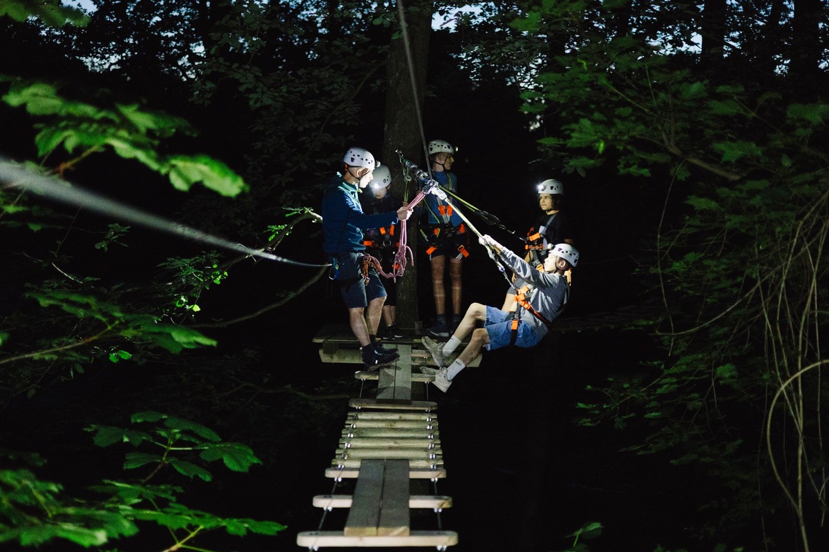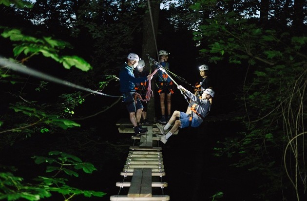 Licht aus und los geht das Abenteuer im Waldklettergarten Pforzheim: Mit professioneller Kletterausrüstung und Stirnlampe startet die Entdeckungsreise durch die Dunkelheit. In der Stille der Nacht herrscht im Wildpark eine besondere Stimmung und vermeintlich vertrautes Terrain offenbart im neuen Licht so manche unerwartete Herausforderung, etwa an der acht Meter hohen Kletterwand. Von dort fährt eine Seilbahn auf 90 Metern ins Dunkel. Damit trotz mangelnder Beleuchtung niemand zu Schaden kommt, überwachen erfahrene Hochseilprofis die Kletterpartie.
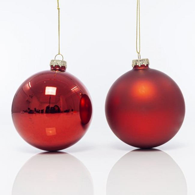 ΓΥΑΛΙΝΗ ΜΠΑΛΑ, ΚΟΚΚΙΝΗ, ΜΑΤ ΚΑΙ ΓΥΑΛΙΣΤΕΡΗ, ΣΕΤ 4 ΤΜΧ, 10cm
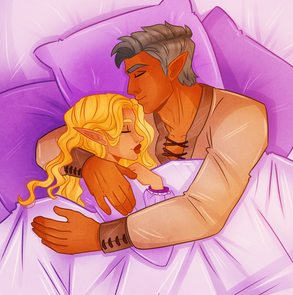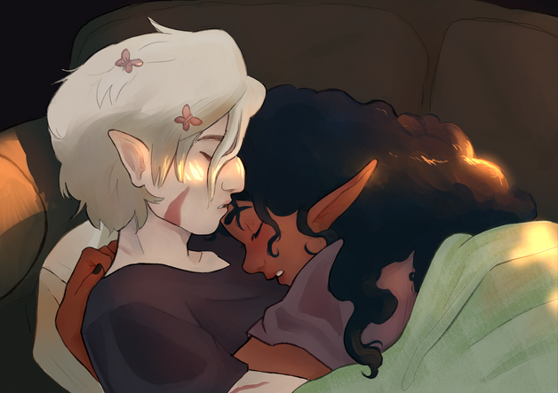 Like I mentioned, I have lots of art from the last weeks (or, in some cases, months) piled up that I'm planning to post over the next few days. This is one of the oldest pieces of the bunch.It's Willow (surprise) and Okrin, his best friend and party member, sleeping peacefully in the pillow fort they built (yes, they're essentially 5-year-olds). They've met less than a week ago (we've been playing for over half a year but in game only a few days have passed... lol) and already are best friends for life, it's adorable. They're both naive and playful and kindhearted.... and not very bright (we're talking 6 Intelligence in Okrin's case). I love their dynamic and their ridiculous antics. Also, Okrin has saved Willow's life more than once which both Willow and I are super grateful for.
==
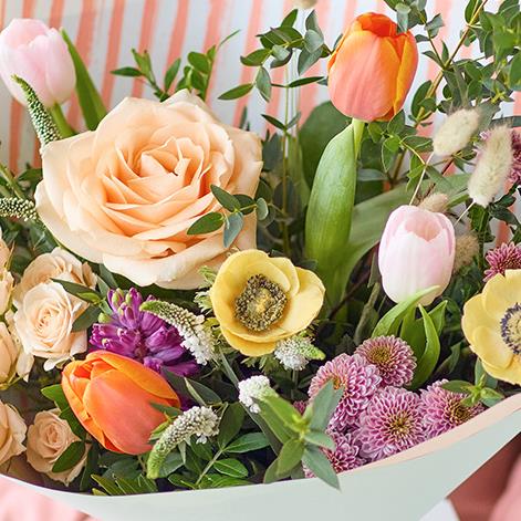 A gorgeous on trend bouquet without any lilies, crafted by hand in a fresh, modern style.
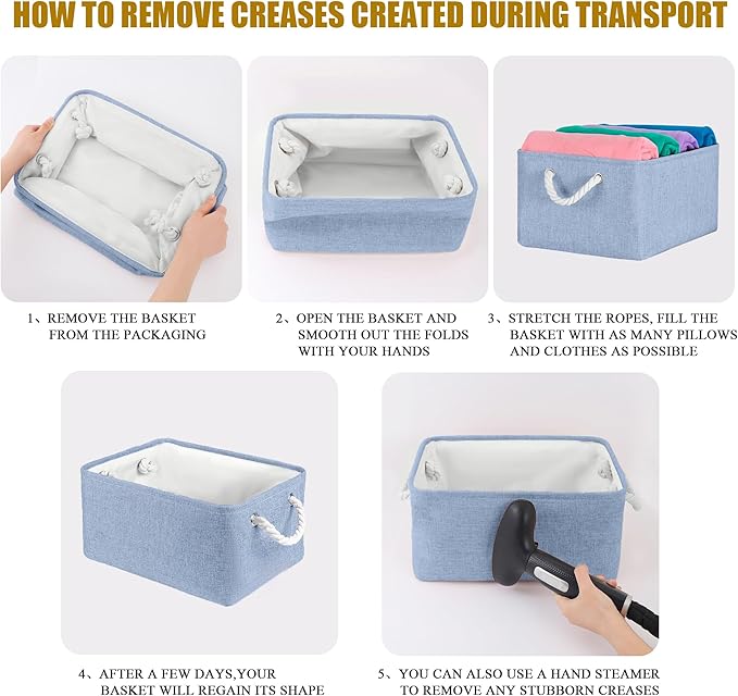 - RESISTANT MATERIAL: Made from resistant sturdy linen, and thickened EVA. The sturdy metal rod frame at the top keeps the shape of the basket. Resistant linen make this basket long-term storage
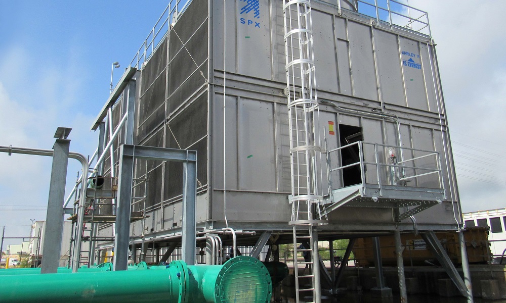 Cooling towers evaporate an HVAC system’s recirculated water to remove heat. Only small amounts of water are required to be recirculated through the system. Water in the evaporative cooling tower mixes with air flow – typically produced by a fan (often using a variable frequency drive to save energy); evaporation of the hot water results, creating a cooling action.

_Task_
Using the entries above, transcribe every line from the line containing "Licht aus und" through the line containing "Like I mentioned, I". Do not copy pictures.

_Solution for this problem_
 Licht aus und los geht das Abenteuer im Waldklettergarten Pforzheim: Mit professioneller Kletterausrüstung und Stirnlampe startet die Entdeckungsreise durch die Dunkelheit. In der Stille der Nacht herrscht im Wildpark eine besondere Stimmung und vermeintlich vertrautes Terrain offenbart im neuen Licht so manche unerwartete Herausforderung, etwa an der acht Meter hohen Kletterwand. Von dort fährt eine Seilbahn auf 90 Metern ins Dunkel. Damit trotz mangelnder Beleuchtung niemand zu Schaden kommt, überwachen erfahrene Hochseilprofis die Kletterpartie.
 ΓΥΑΛΙΝΗ ΜΠΑΛΑ, ΚΟΚΚΙΝΗ, ΜΑΤ ΚΑΙ ΓΥΑΛΙΣΤΕΡΗ, ΣΕΤ 4 ΤΜΧ, 10cm
 Like I mentioned, I have lots of art from the last weeks (or, in some cases, months) piled up that I'm planning to post over the next few days. This is one of the oldest pieces of the bunch.It's Willow (surprise) and Okrin, his best friend and party member, sleeping peacefully in the pillow fort they built (yes, they're essentially 5-year-olds). They've met less than a week ago (we've been playing for over half a year but in game only a few days have passed... lol) and already are best friends for life, it's adorable. They're both naive and playful and kindhearted.... and not very bright (we're talking 6 Intelligence in Okrin's case). I love their dynamic and their ridiculous antics. Also, Okrin has saved Willow's life more than once which both Willow and I are super grateful for.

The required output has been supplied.